Aprender com o povo - A boa rádio comunitária é aquela que se constrói com o povo, com a sua comunidade. É aquela que aprende na troca de informações entre a comunidade.

Questionar o latifúndio da comunicação - Uma das funções da rádio comunitária é contar a história das rádios comunitárias. E aí, revelar como se constituiu no país o latifúndio da comunicação – o que é, como agem os ruralistas da comunicação.

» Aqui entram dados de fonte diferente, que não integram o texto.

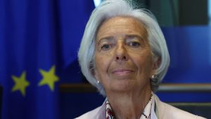 رئيسة البنك المركزي الأوروبي كريستين لاجارد تنظر أثناء حضورها لجنة الشؤون الاقتصادية والنقدية بالبرلمان الأوروبي في البرلمان الأوروبي في بروكسل…
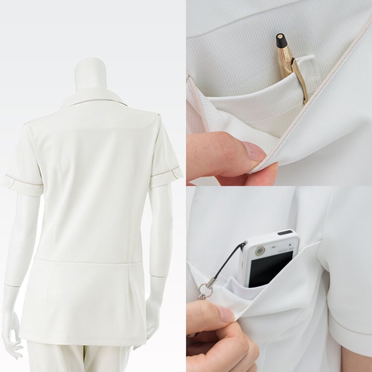 繊維上の細菌増殖を抑制し、衛生 環境を保つエステ制服チュニック。
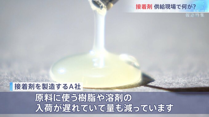 「原料に使う樹脂や溶剤の入荷が遅れていて、量も減っています。仕入れ先からは今後の出荷の見通しが立っていないと聞いていて、接着剤の製造に影響が出ています。原料の価格も上がっていて、このままでは会社の経営が厳しい」
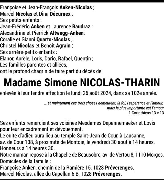 Madame Simone NICOLAS-THARIN
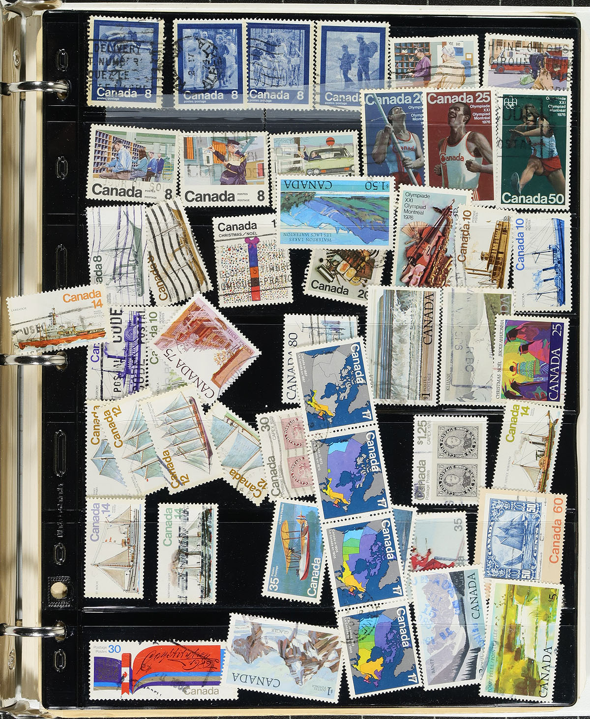 Large accumulation of primarily used Canada stuffing a banker's box, 1870's-1990's. This interesting lot contains thousands of stamps in a variety of formats, including a few albums, over 100 album pages, stamps on and off paper in 2 boxes, and some loose material. A spot check revealed several classic stamps from the Small Queens up to the 1940's (many well organized on album pages), Elizabethan mint and used (including several mint plate blocks), back of the book issues, and surely more. We estimate $50 to $75 of usable face value postage, and a nice lot for the postmark hunter as we encountered several "socked on the nose" town cancels. A nice lot with possible finds for the dedicated collector, overall fine to very fine. Estimate =
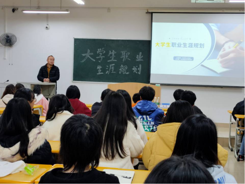 党老师首先阐述了大学生涯的基本规划,并分享了自己的职业生涯的经历和经验,以此引出今日的主题。随后党老师与同学们对自己的职业生涯规划进行探讨。党老师指出,大学生的职业规划应从早开始,同学们应该对自己有一个明确而精准的定位,从而在大学的学习生活中有目标地发展自己相应的才能。只有如此才有机会从日益激烈的竞争中找到自己前行的方向。其次,党老师又通过理想、榜样、职业和大学这四个关键词来引导大家对自己的职业选择进行更深一步的思考。
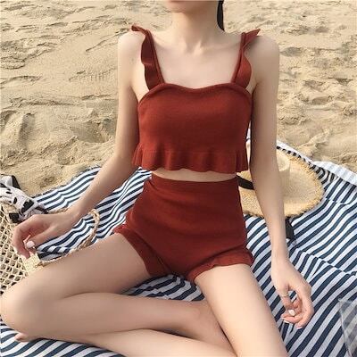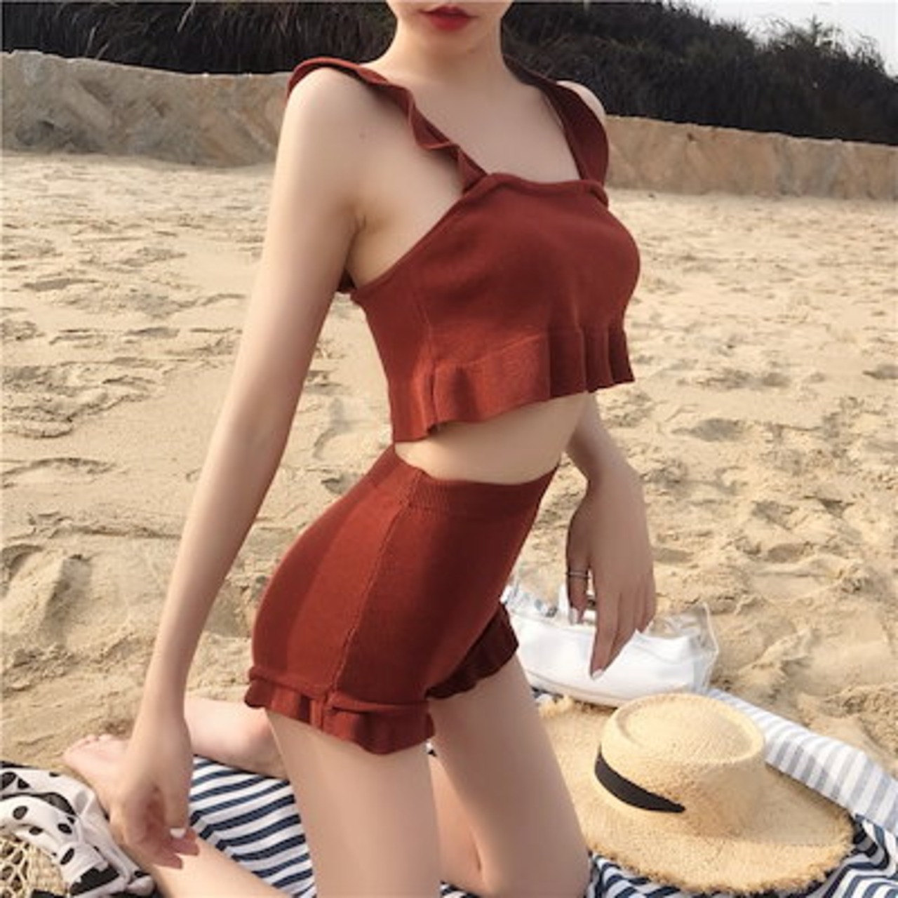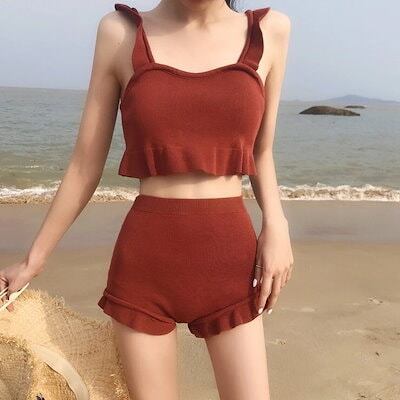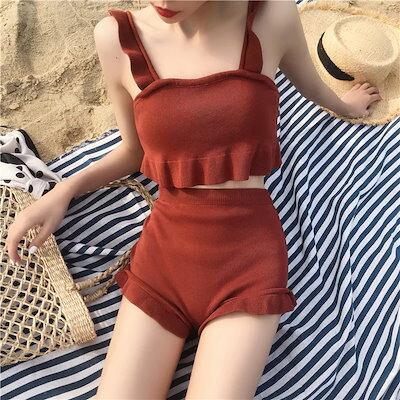 ビキニ レディース 水着 スイムウェア タンキニ セクシービキニ セパレート パッド付き フリル ハイウエスト 伸縮性 胸元 谷間 谷間魅せ 盛れる かわいい 大人可愛い きれいめ セクシー
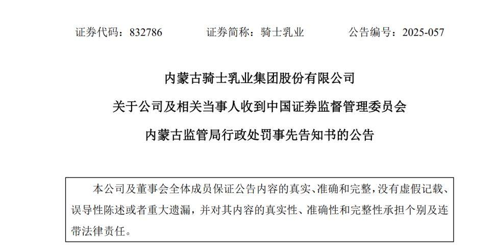 然而,近期骑士乳业却麻烦不断,接连深陷舆论的漩涡,近日,骑士乳业发布公告称,因期货投资亏损未及时履行信息披露义务,涉嫌信息披露违法违规,于2025年6月26日被中国证监会立案调查。
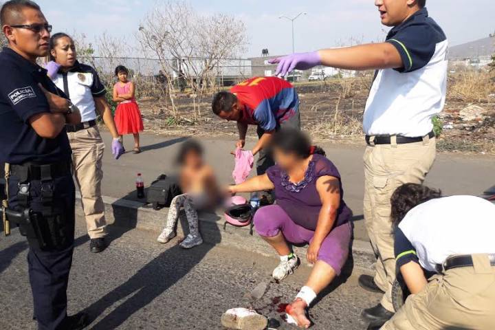 Una mujer y su pequeña hija sufrieron lesiones de consideración, al accidentarse en su motocicleta, de este accidente varios elementos de Tránsito y Vialidad que observaron el incidente, auxiliaron a las afectadas y solicitaron la presencia de una ambulancia.
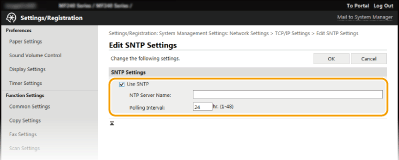 ![]() | Simple Network Time Protocol (SNTP) enables you to adjust the system clock by using the time server on the network. The protocol is typically used for synchronizing the machine and a server. The time is adjusted based on Coordinated Universal Time (UTC), so specify the time zone setting before configuring SNTP (Date/Time Settings). SNTP settings can be specified via the Remote UI. |
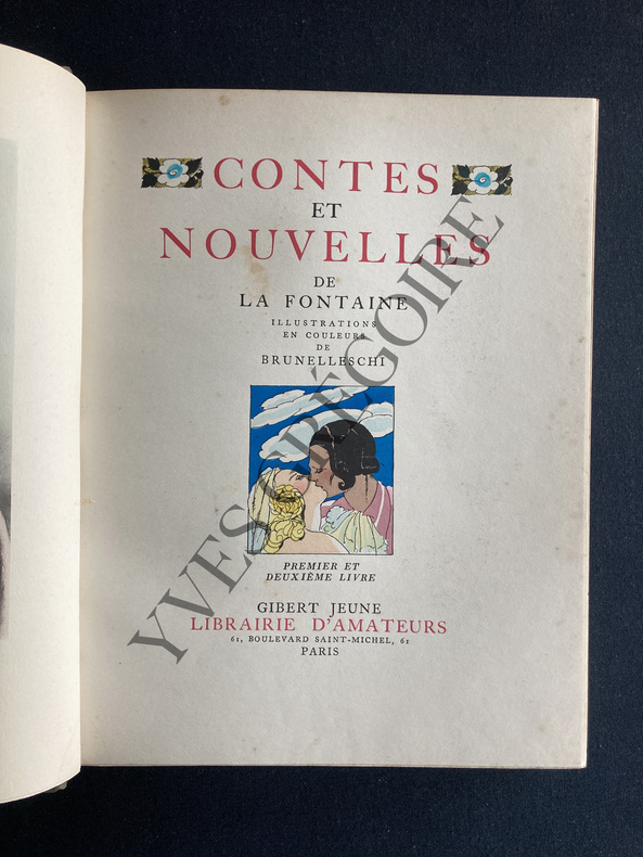 Inutile de revenir sur le texte des Contes et Nouvelles en vers de La Fontaine, paru pour la première fois entre 1665 et 1671 (sans illustrations) et pour la première fois illustré en 1685. Aquarelle originale monogrammée Aquarelle originale signée (définitive) ayant servi au clichage De nombreux artistes ont illustré ces Contes et Nouvelles en vers, toujours lestes ou grivois, avec ou sans l'inspiration délibérément érotique que chacun a pu y mettre depuis la première édition illustrée de 1685. Aquarelle originale monogrammée Les Contes et Nouvelles en vers de La Fontaine, inspirés de plusieurs œuvres françaises et italiennes des XVe et XVIe siècles, dont le Décaméron de Giovanni Boccace, Orlando furioso de Ludovico Ariosto, le recueil anonyme des Cent Nouvelles Nouvelles et l'œuvre de Bonaventure Des Périers, sont mille fois plus réjouissant à lire que les célèbres Fables dont on a rebattu les oreilles de tout élève en devenir d'être un homme. Les Contes et Nouvelles avaient sans l'ombre d'un doute mille fois plus de raisons pour forger un homme près à affronter son destin croisant celui des dames. Chacun cherche son chat ... Aquarelle originale monogrammée Cette édition est à tort négligée des bibliophiles du fait d'un tirage trop important. Il faut rechercher comme ici les exemplaires de luxe. Aquarelle originale monogrammée Les aquarelles originales de Charles Martin sont très prisées des amateurs. Il fut un des grands illustrateurs de la période Art Déco. Charles Martin est né à Montpellier en 1884 et mort à Paris en 1934 à l'âge de 50 ans seulement. Sa production est très importante. Il a contribué à l'illustration de nombreuses revues d'art et de mode depuis 1912 (Gazette du Bon Ton, Femina, etc). La guerre où il sert comme simple soldat d'infanterie stoppe nette sa carrière mais il continue malgré tout à dessiner et à envoyer ses travaux à la presse, tant qu'il peut. Lors d’une permission, il montre son travail à Lucien Vogel, le créateur de la révolutionnaire Gazette du Bon Ton. Enthousiaste, l’éditeur lui propose d’en tirer un album. Sous les Pots de Fleurs (le terme désigne le casque Adrian qui équipe l’armée française) paraît le 1er décembre 1917. Comme un Laboureur ou un Chas Laborde, Martin refuse de se soumettre à la « culture de guerre ». On ne trouve chez lui aucune des outrances et conventions du dessin naturaliste et de son pseudo réalisme. Il revient de la guerre. Le style de Charles Martin, au trait délicat, excelle dans les techniques de l'eau-forte et du pochoir rehaussé d'un trait typographique. Influencé par le cubisme, son style devient épuré et se caractérise par un trait précis, efficace et joyeux. Il s'oriente rapidement vers le luxe et l'art décoratif. Il exerce son talent dans les domaines les plus variés : mode, flacons de parfumerie, meubles, papiers peints, affiches, etc. Charles Martin a illustré une vingtaine de livres dont les Contes et Nouvelles de La Fontaine que nous présentons ici. Nous soupçonnons par ailleurs Charles Martin d'avoir illustré un clandestin totalement érotique en 1926 dont le trait est vraiment typique de l'artiste (mais ...). Aquarelle originale monogrammée Exceptionnel exemplaire contenant 8 aquarelles originales abouties et 1 esquisse pour une composition libre, une suite libre de 15 eaux-fortes en noir et une suite complète des 64 compositions hors-texte (soit 143 estampes au total). Très bon exemplaire tel que paru.
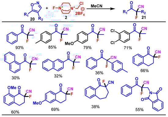 In 2022, Komatsuda et al. reported the ring-opening fluorination of isoxazoles using Selectfluor 2, leading to the α-fluorocarbonyl compounds 21 through N–O bond cleavage. The authors developed a ring-opening fluorination protocol for C3-unsubstituted isoxazoles using Selectfluor 2 under thermal conditions; this reaction involves initial electrophilic fluorination followed by N–O bond cleavage and C3 deprotonation, yielding the α-fluorinated carbonyl compounds 21 [].

Fazer a crítica aos meios de comunicação - Como muita gente ainda não percebeu o que representam os grandes meios de comunicação, é importante que a rádio faça a crítica aos programas e às emissoras.

Enfrentar os grandes temas - Não podemos manter os tabus, preconceitos, discriminações. Precisamos discutir os temas atuais da humanidade, e aqueles que dizem respeito direto à comunidade. Uma das missões da RC é trazer os grandes temas para o debate. A RC é o lugar para se discutir racismo, reforma agrária, aborto, sexualidade precoce, programas infantis, homossexualismo, prostituição,...

Desaprender o que é ultrapassado - Muita coisa que existe no nosso cotidiano a gente sabe que é ultrapassado, mas ainda não enterramos. Em sua maioria, são conceitos e visões que nos foram impostas por essa elite. Cabe à rádio comunitária enterrar esse defunto.

Ser moderna - A RC deve ser moderna, mas não exatamente no sentido tecnológico. Mais importante que usar equipamentos de última geração é a rádio ter uma programação de qualidade, ser educativa, promover a cultura, promover a cidadania, ser criativa, ser honesta com o público. Ser moderna é também ousar na programação, criar programas interessantes, bem- humorados, mas educativos.

Não ter medo do novo - O papel da RC é ser algo diferente, original, algo que não foi feito ainda. Por isso não podemos ter medo do novo. O novo é uma nova idéia, uma nova proposta, um novo programa, uma nova concepção de radiojornalismo.

Mostrar a realidade - (A RC) mostra o lugar, mostra o povo do lugar, mostra o país. Debate questões locais, nacionais, internacionais. [...] Mobiliza o povo para as grandes causas. Provoca a reflexão e a ação.

Cumpre ainda observar uma questão conexa. Na definição do que é rádio comunitária, intencionalmente não estabelecemos distinção entre aquelas que transmitem por radiofreqüência (usando transmissores) ou “por fios”, como é o caso das rádios “de poste” ou “rádios cornetas”. A Lei 9.612/98 trata exclusivamente de

RC em radiofrequência. Não faz referência às “rádios cornetas”. Estas, para funcionar, precisam de alvará da Prefeitura - não é da competência do Ministério das Comunicações opinar sobre o tema. De acordo com os critérios de qualidade aqui apresentados, também “rádios- cornetas” podem ser consideradas comunitárias78.